Yep, you hit it right on the nose T-O-B! It will be interesting to see the repercussions of the pro-wolf side...


----------



## Huge29 (Sep 17, 2007)

This part here:


goofy elk said:


> sterilizing adults


Reminded me of this story:


> A few years ago, some folks from the Humane Society and the U.S. Forest Service were at a farm meeting presenting an alternative to Wyoming sheep producers for controlling the coyote population. It seems that after several years of the farmers using the tried and true methods of shooting and/or trapping the predator, the animal rights folks had a "more humane" solution.
> 
> What they proposed was for the coyotes to be captured alive, the males castrated and let loose again and the population would be controlled.
> 
> All of the shepherds at the meeting thought about this amazing idea for a couple of minutes. Finally, an old boy in the back stood up, tipped his hat back and said, "Son, I don't think you understand the problem. Those coyotes ain't screwin' our sheep - they're eatin' 'em."


----------



## Bergy (Apr 3, 2008)

Sterlizing wolves??? Oh yea.. thats gonna work! :roll: Id be more in favor of gasing and helicopter control methods. Still, Its good to see that options are being looked at to control these predators. Perhaps there is hope after all.


----------



## TEX-O-BOB (Sep 12, 2007)

If it does happen it will happen underhandedly, behind the scenes, and very quietly with NO press. Just like how the feds do most their dirty work. I can't wait! :twisted:


----------



## stillhunterman (Feb 15, 2009)

*Re: More wolf issues*

I swear lunkerhunter2, when I start reading the responses from the "bunny riders" I don't know whether to just keep shaking my head in disbelief, laugh or cry that our education system is so broken! Are these real people making those statements or people just going off???? Are they really that ignorant?? Yeah, I guess they are...


----------



## lunkerhunter2 (Nov 3, 2007)

*Re: More wolf issues*



stillhunterman said:


> I swear lunkerhunter2, when I start reading the responses from the "bunny riders" I don't know whether to just keep shaking my head in disbelief, laugh or cry that our education system is so broken! Are these real people making those statements or people just going off???? Are they really that ignorant?? Yeah, I guess they are...

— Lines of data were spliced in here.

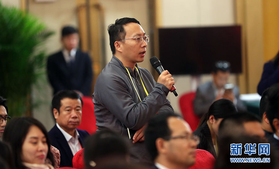 10月22日,十九大新聞中心在梅地亞中心二層新聞發布廳舉辦集體采訪活動,邀請教育領域代表談“教育綜合改革”。圖為中國青年報記者提問。新華網 郝廣鵬攝
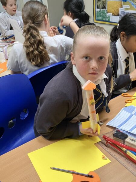 For the first half of the morning we were designing and then building paper rockets. Next we launched them outside with paper straws that we blew through. they were tested at an angle between 0 and 90 degrees- this was an important point!
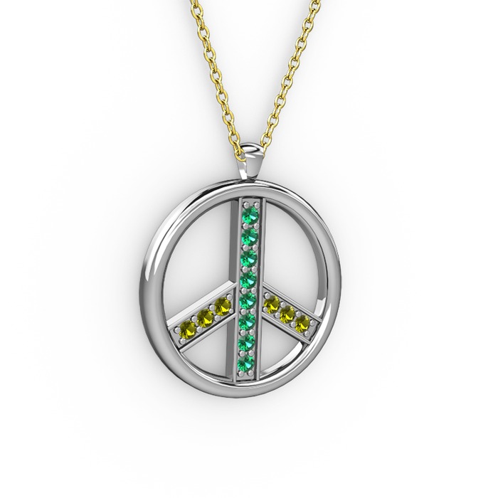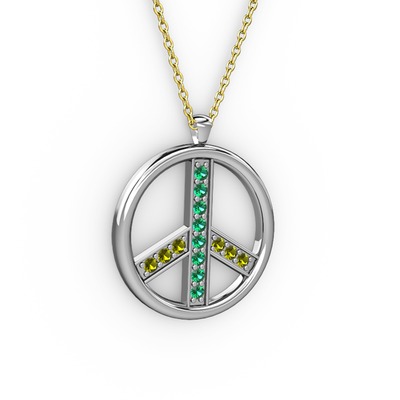 Yeşil kuvars ve peridot 8 ayar beyaz altın kolye (40 cm altın rolo zincir)
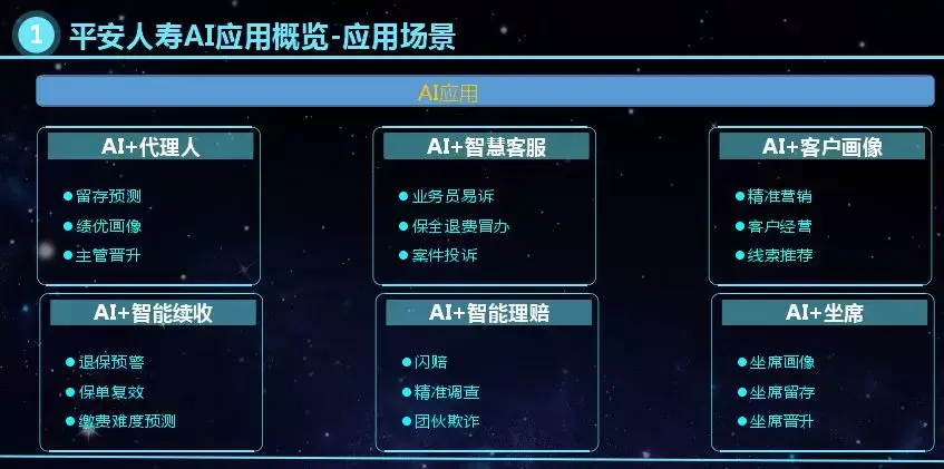 接下来讲下我们用AI技术干嘛,AI在金融领域用的还是很广,很多业务都是靠数据推动,金融对数据依赖性很强。具体应用有代理人管理,平安有百万级的代理人,利用AI算法管理代理人的招聘、销售、升级,还有智慧客服、智慧续收、智慧理赔、坐席等应用于很多场景。
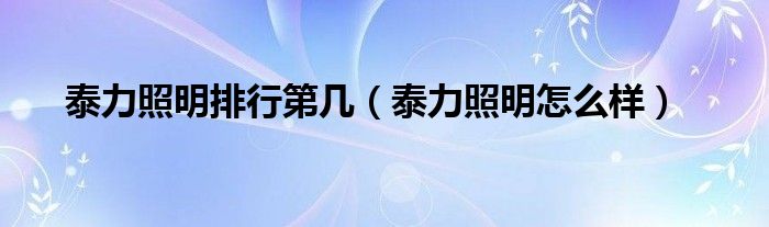 大家好,精选小编来为大家解答以上的问题。泰力照明排行第几,泰力照明怎么样很多人还不知道,现在让我们一起来看看吧!
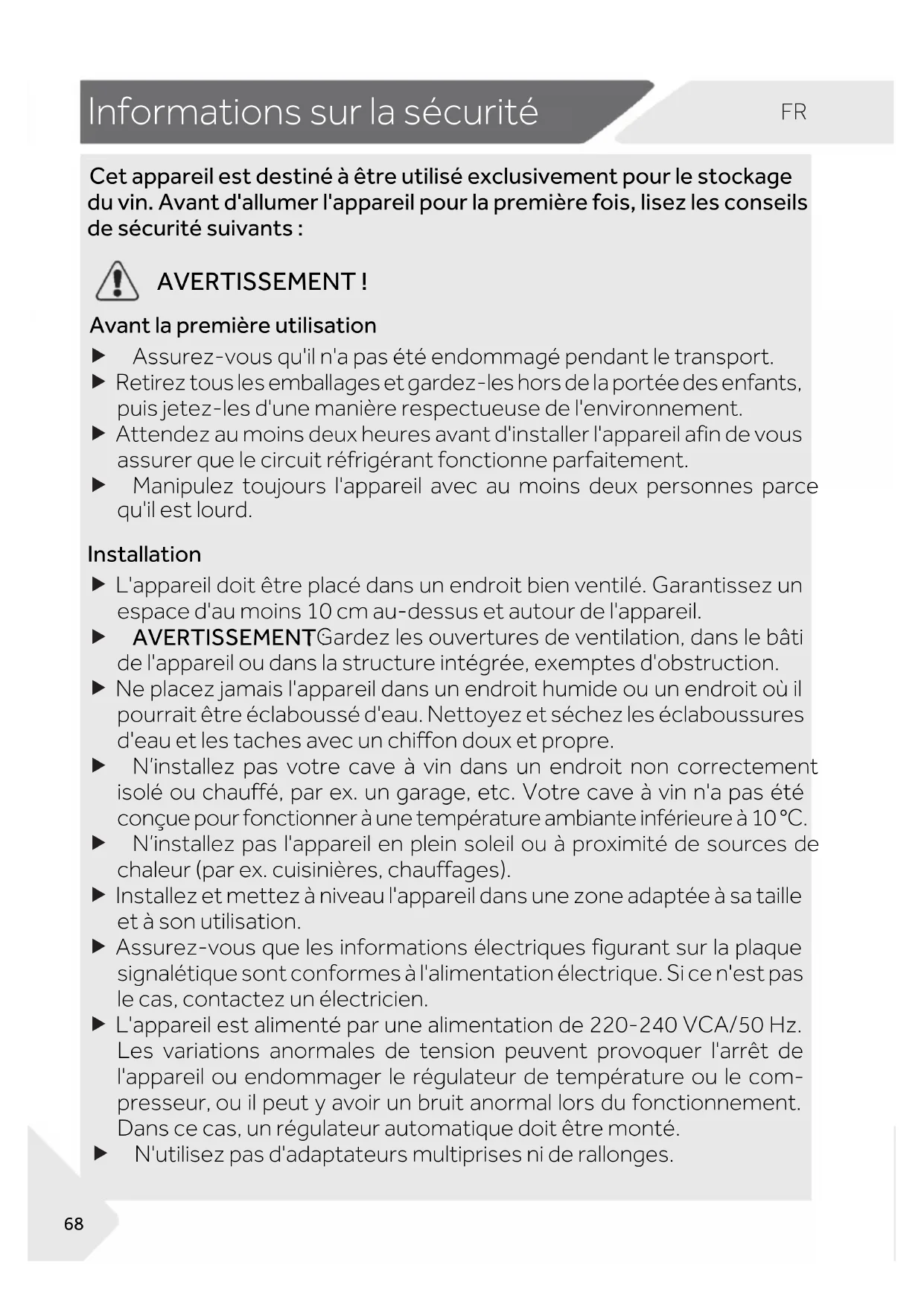 1-Informations sur la s écurité Ìè÷äóóäõèìïèö÷çèö÷ìñƀƘƸ÷õèø÷ìïìöƀèûæïøöìùèðèñ÷óòøõïèö÷òæîäêè çøùìñÊùäñ÷çäïïøðèõïäóóäõèìïóòøõïäóõèðìƙõèéòìöïìöèýïèöæòñöèìïö çèöƀæøõì÷ƀöøìùäñ÷ö ÊßÎÛÝÒÜÜÎÖÎ×Ý Êùäñ÷ïäóõèðìƙõèø÷ìïìöä÷ìòñ f Assurez-vous qu'il n'a pas été endommagé pendant le transport. f Retirez tous les emballages et gardez-les hors de la portée des enfants, puis jetez-les d'une manière respectueuse de l'environnement. f Attendez au moins deux heures avant d'installer l'appareil afin de vous assurer que le circuit réfrigérant fonctionne parfaitement. f Manipulez toujours l'appareil avec au moins deux personnes parce qu'il est lourd. Òñö÷äïïä÷ìòñ f L'appareil doit être placé dans un endroit bien ventilé. Garantissez un espace d'au moins 10 cm au-dessus et autour de l'appareil. f ÊßÎÛÝÒÜÜÎÖÎ×Ý: Gardez les ouvertures de ventilation, dans le bâti de l'appareil ou dans la structure intégrée, exemptes d'obstruction. f Ne placez jamais l'appareil dans un endroit humide ou un endroit où il pourrait être éclaboussé d'eau. Nettoyez et séchez les éclaboussures d'eau et les taches avec un chiffon doux et propre. f N’installez pas votre cave à vin dans un endroit non correctement isolé ou chauffé, par ex. un garage, etc. Votre cave à vin n'a pas été conçue pour fonctionner à une température ambiante inférieure à 10 °C. f N’installez pas l'appareil en plein soleil ou à proximité de sources de chaleur (par ex. cuisinières, chauffages). f Installez et mettez à niveau l'appareil dans une zone adaptée à sa taille et à son utilisation. f Assurez-vous que les informations électriques figurant sur la plaque signalétique sont conformes à l'alimentation électrique. Si ce n'est pas le cas, contactez un électricien. f L'appareil est alimenté par une alimentation de 220-240 VCA/50 Hz. Les variations anormales de tension peuvent provoquer l'arrêt de l'appareil ou endommager le régulateur de température ou le com- presseur, ou il peut y avoir un bruit anormal lors du fonctionnement. Dans ce cas, un régulateur automatique doit être monté. f N'utilisez pas d'adaptateurs multiprises ni de rallonges.FR Informations sur la sécurité

Yep, they are real as can be. There is now over 180 responses to that article. One idiot even said "wolves don't have grocery stores" to get their food. Good schit! :roll:


----------



## TEX-O-BOB (Sep 12, 2007)

Lunatic fringe.


----------



## bigbr (Oct 24, 2007)

Hunting, gassing, aerial shooting, wow! What the he!! ever happened to the old traditional methods of leg hold trapping which have been the widest used method of wolf control for decades. If you want to cull the wolf populations enlist the help of trappers and let the ADC loose with cyanide and beaver caster expulsion sets. The side benefit may be a few less feral dogs and coyotes. However, I think this should be concentrated in the northern region of our state and control areas should be listed and posted so that houndsmen don’t inadvertently have dog kills in control areas.


----------



## blackdog (Sep 11, 2007)

I just got back from Moose hunting in the Selway-Bitterroot wilderness. Saw 3 wolves, a few elk, a couple ****** does, a small wolf kill ****** buck, and a few moose but nothing to hang a once in a lifetime tag on yet. The game warden in the area told me they we're going to kill a bunch of wolves in the area this winter by helicopter. He also told me if they were able to sell wolf tags that they would not be shooting them by helicopter this winter and IF&G personal shooting wolves by helicopter is a lot more effective then a bunch of Yahoos running around with wolf tags in their pockets. So maybe the no wolf hunting is a good thing for now.


----------



## fyfcalls (Dec 13, 2008)

I think putting a $bounty$ on them would work but.... Oh yeah that's right our gov is broke but still has money to give to jimbo sitting on his porch collecting checks!!


----------



## bullsnot (Aug 10, 2010)

Just read the article and the comments.....WOW!! I'm starting to feel like as hunters we are like the Men In Black. These people obviously can't handle the reality's of nature and maybe keeping them in the dark is best for everyone. Now if I can just get a hold of one of those memory erasing deals we'd make some real progress.


----------